The spotlight is on the RBNZ this week, as New Zealand’s central bank is widely expected to hike rates for the fourth time in a row.

But before you buy the Kiwi like there’s no tomorrow, here are a few points you need to know first:

What happened last time?

In their February decision, the RBNZ lifted interest rates from 0.75% to 1.00% as expected. To top it off, policymakers also kicked off the reduction of their Large Scale Asset Purchase (LSAP) program to further withdraw stimulus.

Central bank officials noted that it was high time to step up their tightening game in order to maintain price stability and sustain labor market gains.

Their official statement also indicated that the New Zealand economy continues to perform above its potential, citing that “further removal of monetary policy stimulus is expected over time given the medium-term outlook for growth and employment, and the upside risks to inflation.”

How did the Kiwi react?

Not surprisingly, the Kiwi popped higher during the actual announcement, which turned out to be slightly more hawkish than expected.

Overlay of NZD Pairs: 15-min Forex Charts

Overlay of NZD Pairs: 15-min Forex Charts

As you can see from the overlay of 15-min charts above, the Kiwi was moving sideways against its peers prior to the decision before rallying across the board. The currency was able to hold on to its gains (and then some), particularly against the dollar, yen, euro and pound.

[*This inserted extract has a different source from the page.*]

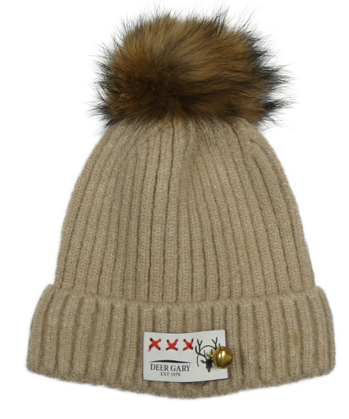 • Béžová žebrovaná pletená čepice s nášivkou s rolničkou a bambulí

What’s expected this time?

Another 0.25% increase in borrowing costs is being priced in for their upcoming decision, bringing RBNZ interest rates to pre-pandemic levels.

Keep in mind that their earlier statement took place prior to Russia’s attack on Ukraine, so it’s safe to say that the global economic situation has shifted significantly since then.

For one, price levels skyrocketed as oil prices surged on sanctions and an energy crunch. This likely spilled over to higher consumer inflation, which might up the pressure on the RBNZ to tighten more aggressively.

With that, some are even betting on a 0.50% hike this month or at least stronger signals that another hike is in the cards for their next meeting.

In any case, keep an eye out for extra volatility during the announcement because things could get cuh-razy!

If you’re not comfortable taking trades or keeping positions open when big price spikes occur, there’s no shame in sitting on the sidelines and watching the event unfold.